I founded Magnetic Ventures in 2018 with the fundamental investment thesis that we are at the dawn of the second golden age of healthcare, driven by the convergence of technology and biology. We believe technology tools including artificial intelligence (AI) and machine learning (ML), combined with omics are enabling us to understand the biology of disease in ways previously unimaginable and have the potential to transform drug discovery and development.
It’s estimated that a novel therapeutic requires a minimum of $1B of funding (The Tufts Center for the Study of Drug Development estimates this number is closer to $2.5B) and 10+ years of development to achieve FDA approval. Despite this investment, less than 10% of targets entering clinical trials ultimately receive FDA approval.
This is the problem Relation Therapeutics is on a mission to solve.
Relation combines patient tissue-derived atlases of disease at single-cell resolution, functional genomics, and graph ML to prioritize interventions with the greatest likelihood of combating disease mechanisms. Drawing on advances in experimental feedback systems, their “Lab-in-the-Loop” enables the ML to make predictions from complex datasets in order to parse the most important information for understanding the problem itself.
Every year, the resolution of high-dimensional molecular probing (omics) to the human body and the amount of data generated are exponentially increasing. In parallel is the accelerated development of techniques required to learn meaningful representations from complex data (AI, deep learning, ML). Applying these techniques to integrated multi-modal biomedical data leads to an unprecedented understanding of human disease biology.
Relation’s platform applies a specific type of ML, graph ML, a technology best known for its application to recommendation systems used by companies such as Twitter, Netflix, and Google Earth. Everyone has seen a version of “since you bought/watched/liked this, you may want to consider buying/watching/liking these items next” — why not apply this to drug discovery? These recommendation systems are successful in other domains for two primary reasons: 1) the amount of data, and 2) representation learning on graphs. Now imagine you apply this insight to biology: “since you have already successfully tested these molecules/targets, you may want to try these molecules/targets next.” Relation has the tools in place to understand a previously insurmountable number of combinatorial functional relationships between genes, proteins, and therapeutic compounds, which we believe will dramatically increase the probability of success in drug discovery.

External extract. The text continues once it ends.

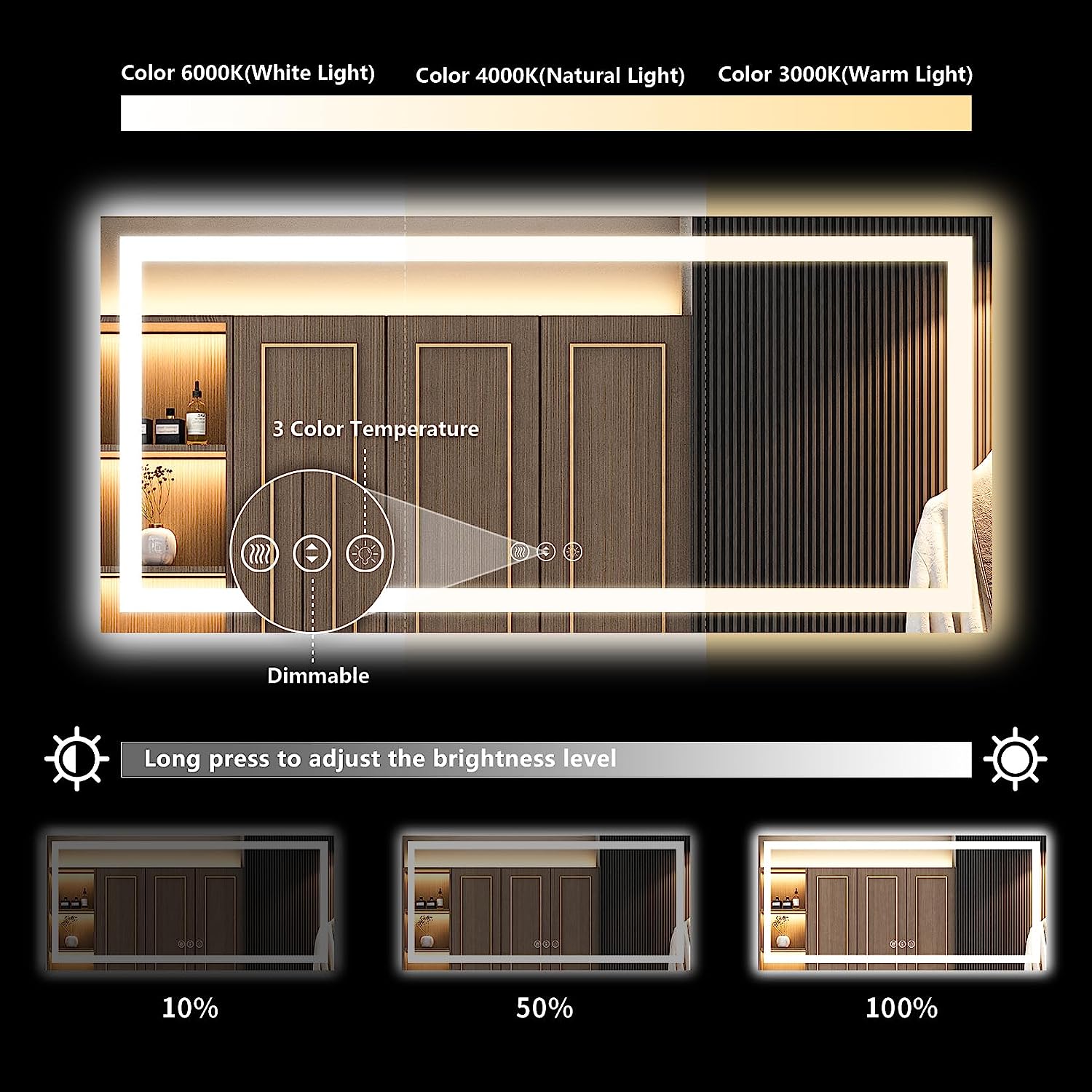 - π‘ Customizable Lighting - Featuring three touch buttons, you can easily adjust the mirror's lighting according to your needs. Short press the 'Light' button to switch between white, natural, or warm light. Long press the 'Brightness' button to adjust the brightness level from 10% to 100%. It even has a smart memory function, which retains your previous settings even after being turned off.

As early-stage investors, we make bets not only on category-defining technological innovation, but also, and equally as important, on teams. When a founder we know and respect calls with an idea we pay attention. Relation co-founder and Board Chair Charlie Roberts is someone I have known and deeply respected for close to 15 years. When Charlie called about Relation, I jumped at the opportunity to learn more.
It is extremely hard to find a team that rivals Relation’s expertise in mechanistic biology, drug discovery, and proficiency in ML. The team is led by CEO Dr. David Roblin: the former head of R&D and CMO of Pfizer Europe and includes CTO Dr. Lindsay Edwards: the former VP of AI at AstraZeneca and VP of ML at GSK. In addition, the Scientific Advisory Board is world class from institutions including Stanford, The Broad Institute of MIT and Harvard, Imperial College of London, and Oxford.
We believe Relation has the ideal recipe of technology and team to become a pioneer in data-driven drug discovery. We are proud to be partners to the team as they execute their mission to decode and modulate biology to cure disease, faster and with greater certainty, and to transform the discovery and development of new medicines.